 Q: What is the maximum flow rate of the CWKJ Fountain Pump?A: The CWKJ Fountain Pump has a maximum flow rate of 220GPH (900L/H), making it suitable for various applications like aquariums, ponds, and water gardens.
==
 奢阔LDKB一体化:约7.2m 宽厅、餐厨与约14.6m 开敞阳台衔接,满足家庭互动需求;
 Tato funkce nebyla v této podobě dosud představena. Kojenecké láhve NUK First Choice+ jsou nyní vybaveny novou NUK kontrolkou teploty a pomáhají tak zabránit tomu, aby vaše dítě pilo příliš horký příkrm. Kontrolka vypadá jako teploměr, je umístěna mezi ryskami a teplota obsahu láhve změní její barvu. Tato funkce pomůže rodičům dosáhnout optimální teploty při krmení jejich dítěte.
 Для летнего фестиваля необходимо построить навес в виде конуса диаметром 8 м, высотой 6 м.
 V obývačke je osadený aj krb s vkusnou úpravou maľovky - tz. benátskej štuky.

▸ **Exercise requirements**:
Given the data above, transcribe exactly the lines from the one containing "Для летнего фестиваля" down to the one containing "V obývačke je", and no others.

▸ **Written answer**:
 Для летнего фестиваля необходимо построить навес в виде конуса диаметром 8 м, высотой 6 м.
 V obývačke je osadený aj krb s vkusnou úpravou maľovky - tz. benátskej štuky.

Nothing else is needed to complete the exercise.